◆ **Data for processing**:
Start of Block

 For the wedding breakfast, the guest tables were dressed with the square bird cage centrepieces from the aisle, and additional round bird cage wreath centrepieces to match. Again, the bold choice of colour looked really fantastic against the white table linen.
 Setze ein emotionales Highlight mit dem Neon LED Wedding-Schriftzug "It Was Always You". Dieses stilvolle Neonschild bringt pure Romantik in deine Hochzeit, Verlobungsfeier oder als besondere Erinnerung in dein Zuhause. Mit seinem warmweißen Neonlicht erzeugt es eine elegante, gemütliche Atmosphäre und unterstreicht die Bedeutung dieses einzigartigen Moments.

End of Block
Start of Block

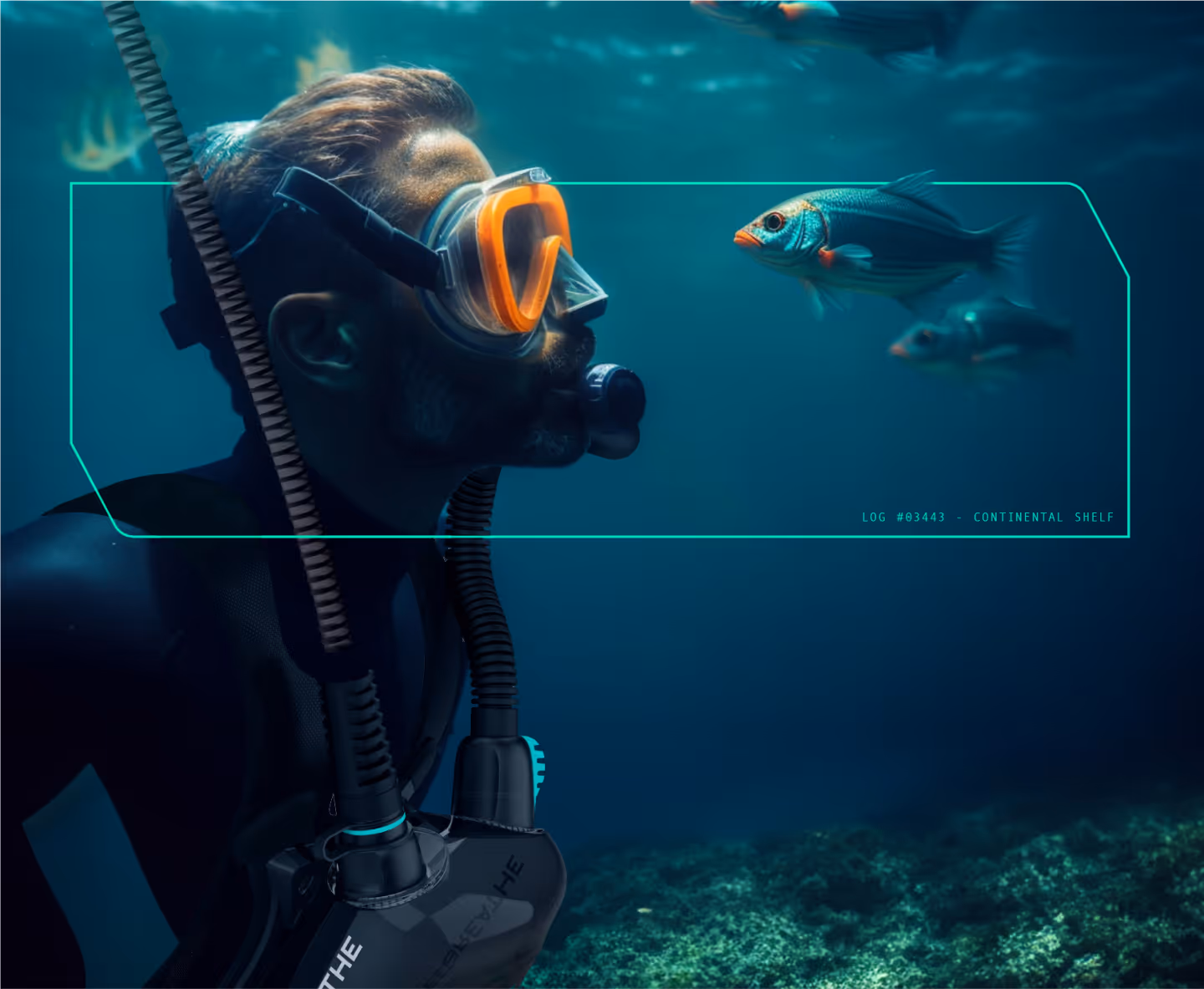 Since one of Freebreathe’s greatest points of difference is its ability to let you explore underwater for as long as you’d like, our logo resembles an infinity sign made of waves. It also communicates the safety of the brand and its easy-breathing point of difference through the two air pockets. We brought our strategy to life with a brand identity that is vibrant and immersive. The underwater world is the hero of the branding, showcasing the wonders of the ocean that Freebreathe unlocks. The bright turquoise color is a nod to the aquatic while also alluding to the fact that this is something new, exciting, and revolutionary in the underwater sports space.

End of Block

Above are some lines. Repeat exactly, and only, those from the line that has "For the wedding" through the line that has "Setze ein emotionales".

◆ **Response to this task**:
 For the wedding breakfast, the guest tables were dressed with the square bird cage centrepieces from the aisle, and additional round bird cage wreath centrepieces to match. Again, the bold choice of colour looked really fantastic against the white table linen.
 Setze ein emotionales Highlight mit dem Neon LED Wedding-Schriftzug "It Was Always You". Dieses stilvolle Neonschild bringt pure Romantik in deine Hochzeit, Verlobungsfeier oder als besondere Erinnerung in dein Zuhause. Mit seinem warmweißen Neonlicht erzeugt es eine elegante, gemütliche Atmosphäre und unterstreicht die Bedeutung dieses einzigartigen Moments.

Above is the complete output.